Additional findings were increased in task-active connectivity within prefrontal cortex (Goldin et al., 2013; Mason et al., 2015) and with the cerebellum (Kumari et al., 2009), perhaps in keeping with a shared executive role (Bellebaum and Daum, 2007). Overall, changes in insula connectivity were rarely examined. This is in contrast with studies of mindfulness training which consistently increase insula activation, coinciding with an increase in inverse coupling (Farb et al., 2013; Kirk et al., 2014) or decoupling (Farb et al., 2007) with prefrontal cortex. This has been interpreted as a shift away from engaging cognitive and self-talk processes towards non-verbal, interoceptive awareness (Farb et al., 2007). Further work comparing different psychological interventions will be needed to clarify shared and distinct psychoneurobiological mechanisms.

A further question is to what degree the neurobiological mechanisms outlined here overlap with those of pharmacological interventions. Although connectivity mechanisms remain to be reviewed, reviews of activation studies indicate at least partially distinct mechanisms. Quidé et al. (2012) concluded that, across a range of disorders and methodologies, psychological interventions effect activation increases in higher order prefrontal cortical areas, whereas pharmacotherapy reduces activation of limbic structures. Further work directly comparing psychological and pharmacological interventions may be helpful for establishing common and distinct mechanisms.

Recommendations and future directions

Summarising the limitations above, there is a need for more studies, particular of other presentations besides anxiety disorders to enable quantitative aggregation methods (i.e. meta-analysis). Furthermore, there is a paucity of high-quality studies examining other therapy approaches besides CBT. This is surprising given the considerable literature for the neuroscience of mindfulness (mostly in healthy participants) and the ever-increasing evidence base for third-wave CBT approaches such as acceptance and commitment therapy and dialectical behavioural therapy.

For longitudinal studies, a more general methodological issue concerns whether therapy-related changes represent ‘state’ effects of reduced symptomatology, rather than mechanisms of therapy per se. It may be fruitful to examine ‘surrogate’ processes that approximate in-session therapy. For example, Cisler et al. (2014) examined the neural correlates of repeated exposure to personalised trauma narratives in people meeting criteria for post-traumatic stress disorder (PTSD). Across trials, they found increased positive coupling between amygdalo-hippocampal and prefrontal cortical regions, perhaps reflecting integration of aversive mnemonic traces with higher order cognitive processes. In other areas of social cognitive science, the simultaneous acquisition of functional connectivity data in multiple persons is being exploited for the purpose of studying reciprocal social cognitive processes (see, for example, Babiloni and Astolfi, 2014). While technical constraints currently render real-time neuroimaging of psychological therapy impractical, this may be a future area for understanding client and therapist interactions (Weingarten and Strauman, 2014).

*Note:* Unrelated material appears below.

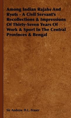 AMONG INDIAN RAJAHS AND RYOTS A Civil Servant's Recollections amp Impressions Of Thirty-Seven Years Of Work amp Sport In The Central Provinces amp Bengal By Sir Andrew H.L.Fraser. CONTENTS: EARLY DAYS EUROPEAN OFFICERS OF MY PROVINCE MORE ABOUT CENTRAL PROVINCES OFFICERS INDIAN OFFICER OR MY PROVINCE JUDICIAL AND EXECUTIVE FUNCTIONS OF OUR OFFICERS SOME INDIAN FRIENDS THE INDIAN PEOPLES INDIAN LADIES GRAIN RIOTS IN THE NAGPUH DISTRICT THE KHOND RISING IN THE KALAHANDI STATE THE FEUDATORY STATES OF PHRISTMAS WITH WILD ELEPHANTE WITH TIGERS AND BIG GAME THE AGRICULTURAL COMMUNITY THE FINANCING OF AGRICULTURE LOCAL INQUIRIES EDUCATION . . CHRISTIAN MISSIONS INDIAN UNREST: ITS CAUSES INDIAN UNREST: ITS LIMITATIONS MEASURES OF REPRESSION AND REFORM THE AMBER OF AFGHANISTAN THE HUMOURS OF ADMINISTRATION THE LAST INDEX LIST OF ILLUSTRATIONS: THE BARDWAN FAMILY A RAJAH ON HIS JOURNEY RAJAH KANHAYA LALL THE LATE FEUDATORY CHIEF OF CHHUIKHAUAN A BODYGUARD OF BOYS A GRAVEYARD OF THE ABORIGINES, CHOTA NAGPUR A GROUP TAKEN ON TOUR AMONG THE CHIEFS OF ORISSA A DARBAR A PROCESSION OF ELEPHANTS AWAITING THEIREIDERS MT CAMP AS DISTRICT OFFICER AWAITING THE TIGER RAJA SULAIMAN SHAH AND HIS TROPHY FISHING-BOATS IN THE SUNDBRBANS A GROUP OF BAIOAS IN BALAOHAT THE SACRED OLD TOWN *» NAWADWIP WAITING AT THE FERRY

With respect to neuroimaging methods, there is a need for more sophisticated connectivity analyses which allow the directionality of information transfer between regions to be inferred (e.g. using dynamical causal modelling; Friston et al., 2003) as none exist to date. Furthermore, studies examining changes in structural connectivity will be needed to address the current gap – ultimately, capitalising on new approaches that fuse both structural and functional connectivity, as well as analyses that enable more detailed network characteristics to be (such as the density and length of connections, e.g. Feusner et al., 2015; Göttlich et al., 2015) which can better determine the impact of therapeutic interventions on network connectivity. Finally, there was a marked lack of electrophysiology studies, greatly limiting our understanding of the temporal dynamics of therapy-related changes. More of these studies would help to ascertain, for example, to what degree therapy impacts early sensor–attentional processes as compared with later deliberative cognitive processing.